The main benefit of the system is that it could further enhance safety during a traffic avoidance situation because the pilot can now fly the aircraft without switching out of one mode and into another. Thus, by simplifying the actions required by the pilot during a TCAS manoeuvre, this enhanced TCAS mode minimises potential overreactions or inverse reactions while preserving his or her concentration at a critical time.
In addition to now being certified on the A380, the AP/FD TCAS mode will also become available for retrofit on other Airbus Fly-By-Wire aircraft in the coming years.
AP/FD TCAS operation overview
The new AP/FD TCAS mode essentially completes the existing TCAS functionality by implementing a TCAS vertical guidance feature into the Auto Flight computer. The result is that now the Auto Flight computer can control the vertical speed of the aircraft which is adapted to each resolution advisory acquired from TCAS.
Moreover, with this new AP/FD TCAS mode activated, when a TCAS “Resolution Advisory” (RA) is received, the pilot no longer needs to disengage the autopilot or Flight Director before conducting the TCAS manoeuvres. Rather, the autopilot can now automatically conduct the correct TCAS manoeuvre, to position the aircraft clear of any potential traffic conflict.
Furthermore, in the case of the pilot flying the aircraft manually (i.e. without autopilot engaged) when a RA is received, previously the Flight Director ’pitch bar guidance’ - indicated on the Primary Flight Display - had to be switched off, but with the new mode, the Flight Director bars remain active and smoothly guide pilot to fly the TCAS manoeuvre. At any time, the crew still retains the ability to override the proposed manoeuvre, so as to respond manually to a TCAS RA by flying according to “conventional” TCAS procedures, i.e. manually controlling the vertical speed by referring to TCAS indications on the pilot’s vertical speed scale.

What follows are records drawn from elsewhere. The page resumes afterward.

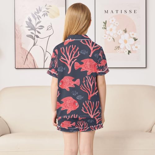 senya Red Fish Coral Satin Summer Pajama Sets Silk Short Sleeve Button Down Sleepwear 1
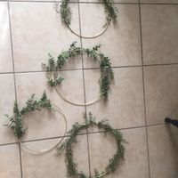 Hey y’all! I just got done with some test greenery hoops for our reception decor! The entire reception will be decorated by these, as well as eucalyptus garland and taper candles.... thoughts?...
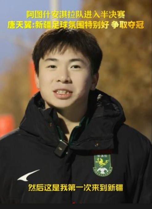 唐天翼说说念:“公共好,我叫唐天翼,我来自广东,这是我第一次来到新疆,我代表阿图什安淇拉俱乐部干预这一次喀什杯,我但愿咱们球队能拿到冠军。来到新疆,我嗅觉新疆的足球氛围相配好,我挺心爱这里的氛围的,我也但愿即是新疆足球和中国足球齐越来越好。”
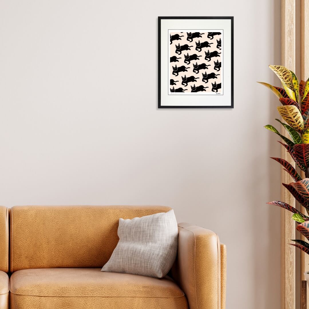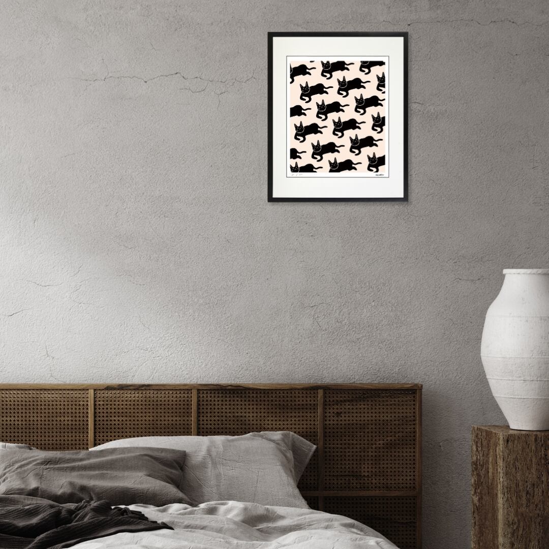 黒猫がユーモラスに並ぶデザインは、シンプルでありながら強い存在感を放ちます。背景の柔らかな色合いと、黒のコントラストが絶妙で、眺める角度や距離によって印象が変わるのも魅力です。動物をモチーフにしたイラスト表現は、遊び心と洗練を同時に感じさせ、空間に独自のリズムを生み出します。シンプルな構成ながらも大胆さを併せ持ち、モダンなアートとしての完成度も高く、インテリアに映える仕上がりです。可愛らしさとスタイリッシュさを両立し、日常にアートの楽しさを添えてくれる一枚となっています。

* Background to TCAS - Editors’ note:
The ’Traffic Alert and Collision Avoidance System’ - known as ’TCAS’ - is designed to scan for, detect, and interrogate the transponders of other aircraft in the nearby airspace vicinity. It then uses the received transponder signals to compute a distance, bearing and altitude relative to the nearby aircraft. The evaluated traffic information is displayed as symbols on the Navigation Display. As TCAS checks the other aircraft’s relative distance permanently in short-time intervals, it can, therefore, also calculate the other aircraft’s closure rate relative to its own aircraft position. When TCAS detects that an aircraft’s distance or closure rate becomes critical, it generates aural and visual annunciations for the pilots. Mandated on aircraft carrying more than 30 passengers since 1993, TCAS is now compulsory on all aircraft types.